Would you print the records below word for word, without the pictures?
--
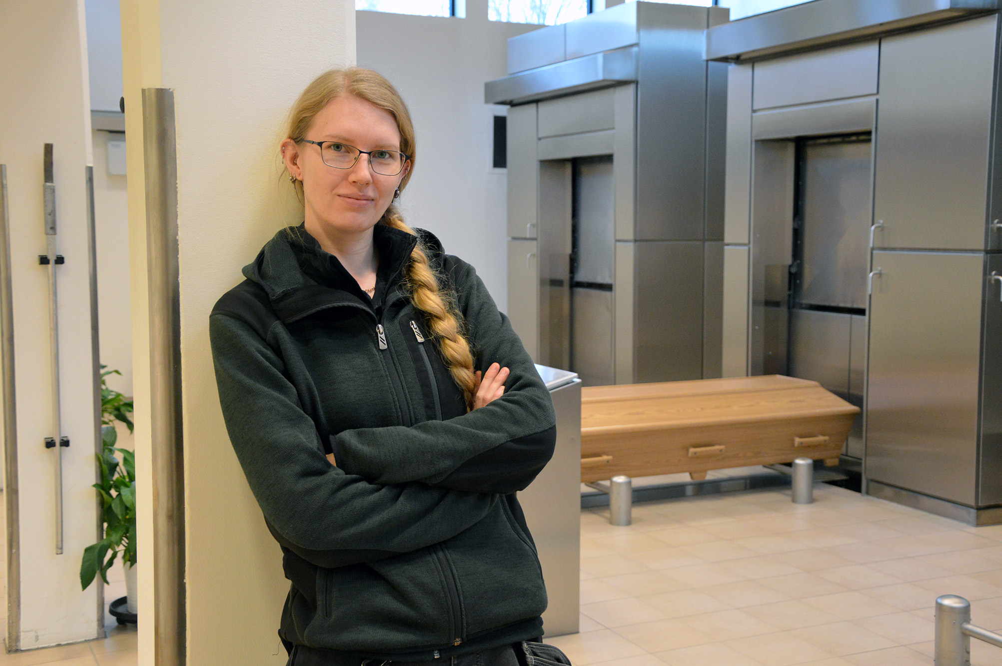 Hon är lång, har det blonda håret i en tjock fläta, och utstrålar en naturlig pondus när hon visar runt i krematoriets olika delar. Miljön är ljus, kakel och rostfritt dominerar och här och där står gröna växter.
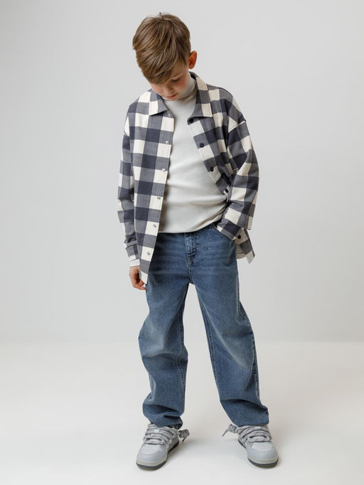Свободная трикотажная рубашка для мальчика из мягкого петельчатого футера. Застёгивается на кнопки. Модель с закругленным низом и спущенным плечом. Рисунок в клетку выполнен из стойких текстильных гипоаллергенных красителей. Изделие сохраняет цвет и форму после многократных стирок. Все трикотажные полотна производятся в соответствии с нормами швейцарского сертификата ЭкоТекс.. Состав: 100% хлопок
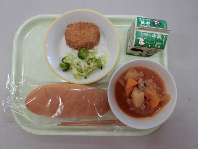 今日の献立は、コッペパン、牛乳、かぼちゃコロッケ、そえ野菜、、豆と鶏肉のトマト煮です。
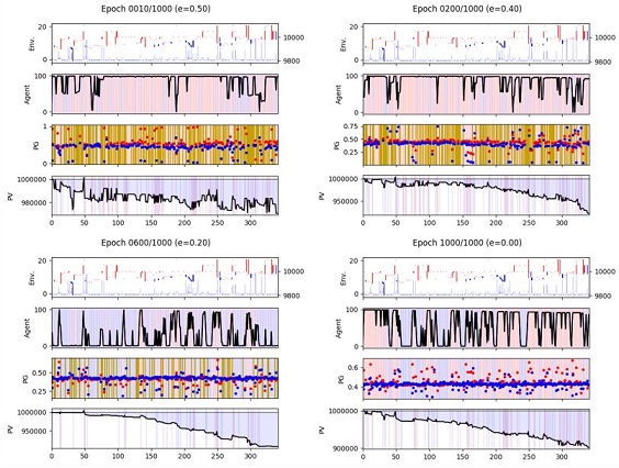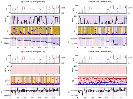 일단 10, 200, 600, 1000에포크 일때를 한번 비교해 보고 있습니다만, 어찌된 것인지 모르겠습니다만, 조금도 초반부터 수익이 전혀 나오지 않는 것을 볼 수 있습니다.
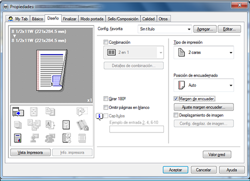 Para imprimir más de una página original en el mismo lado de una única hoja, seleccione la casilla de verificación [Combinación] en la ficha [Diseño] para seleccionar un formato de combinación de páginas. Para imprimir en ambas caras del papel, seleccione [2 caras] en [Tipo de impresión] en la ficha [Diseño].
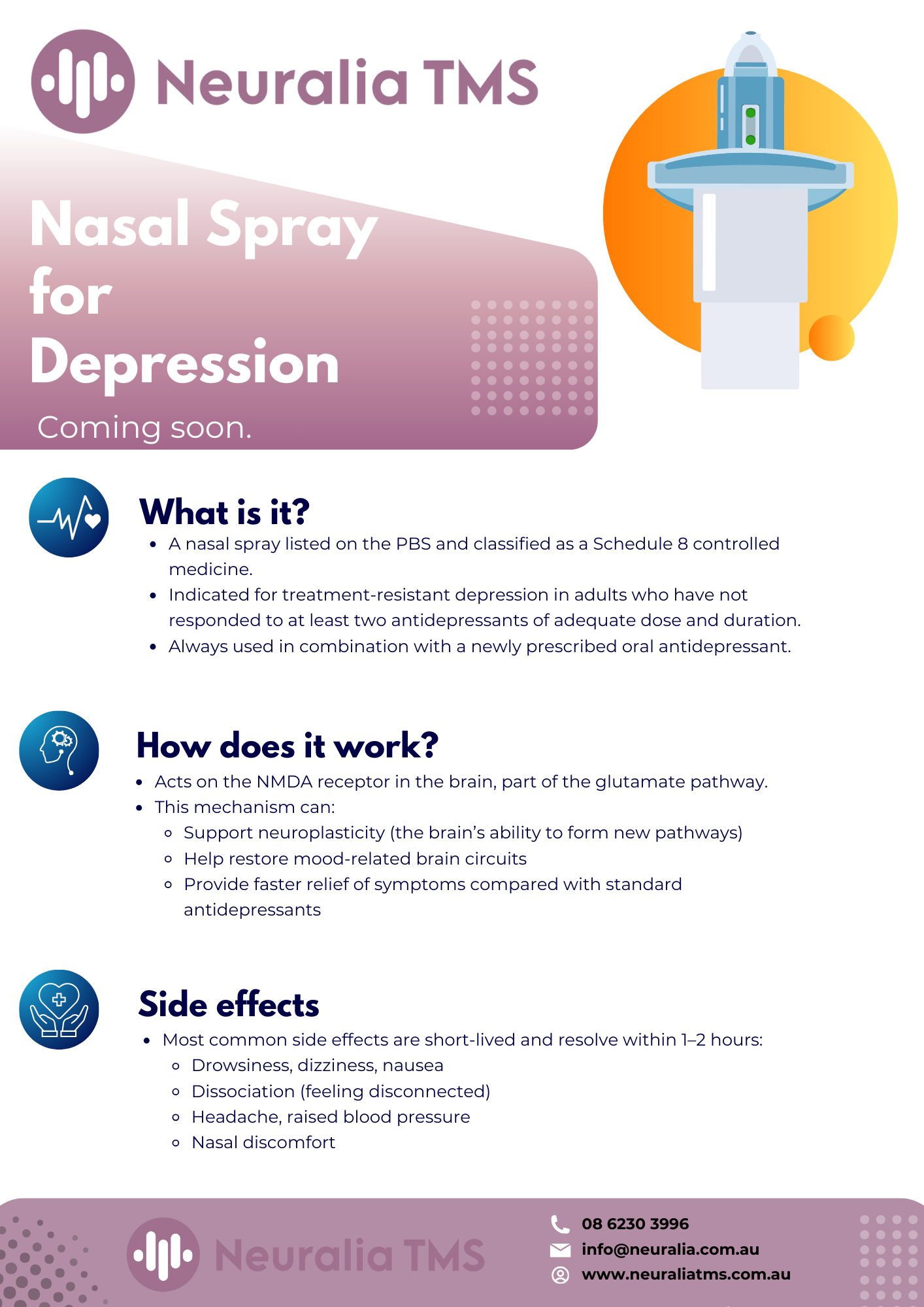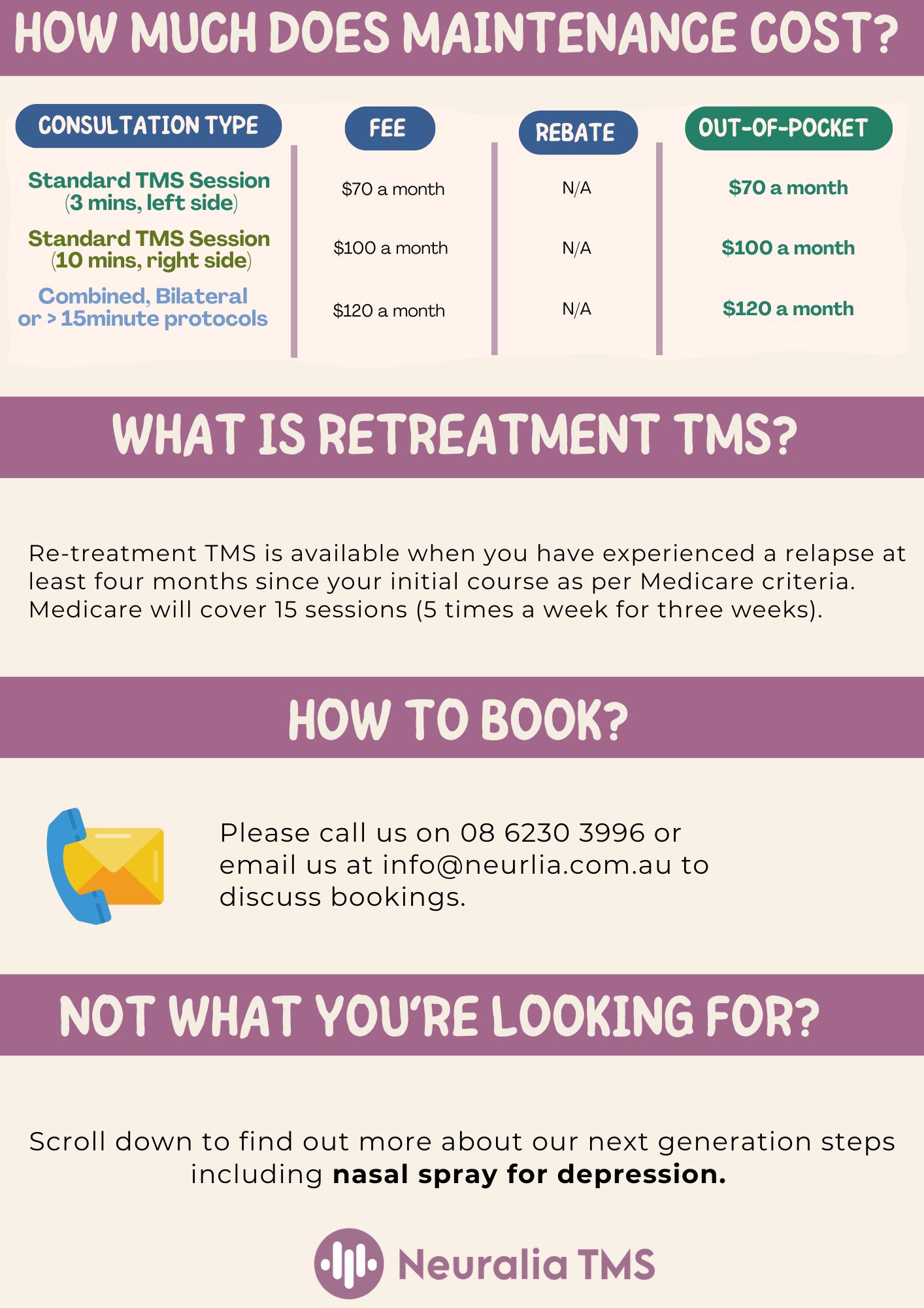 A: If you have a positive response to TMS but unfortunately begin to relapse, then Medicare will be able to cover a 15 session Retreatment TMS course (5 times a week for 3 weeks). Please call us if your mood begins to deteriorate and we will be happy to advise you on the next course of action.
--
**Your response:**
 Hon är lång, har det blonda håret i en tjock fläta, och utstrålar en naturlig pondus när hon visar runt i krematoriets olika delar. Miljön är ljus, kakel och rostfritt dominerar och här och där står gröna växter.
Свободная трикотажная рубашка для мальчика из мягкого петельчатого футера. Застёгивается на кнопки. Модель с закругленным низом и спущенным плечом. Рисунок в клетку выполнен из стойких текстильных гипоаллергенных красителей. Изделие сохраняет цвет и форму после многократных стирок. Все трикотажные полотна производятся в соответствии с нормами швейцарского сертификата ЭкоТекс.. Состав: 100% хлопок
 今日の献立は、コッペパン、牛乳、かぼちゃコロッケ、そえ野菜、、豆と鶏肉のトマト煮です。
 일단 10, 200, 600, 1000에포크 일때를 한번 비교해 보고 있습니다만, 어찌된 것인지 모르겠습니다만, 조금도 초반부터 수익이 전혀 나오지 않는 것을 볼 수 있습니다.
 Para imprimir más de una página original en el mismo lado de una única hoja, seleccione la casilla de verificación [Combinación] en la ficha [Diseño] para seleccionar un formato de combinación de páginas. Para imprimir en ambas caras del papel, seleccione [2 caras] en [Tipo de impresión] en la ficha [Diseño].
 A: If you have a positive response to TMS but unfortunately begin to relapse, then Medicare will be able to cover a 15 session Retreatment TMS course (5 times a week for 3 weeks). Please call us if your mood begins to deteriorate and we will be happy to advise you on the next course of action.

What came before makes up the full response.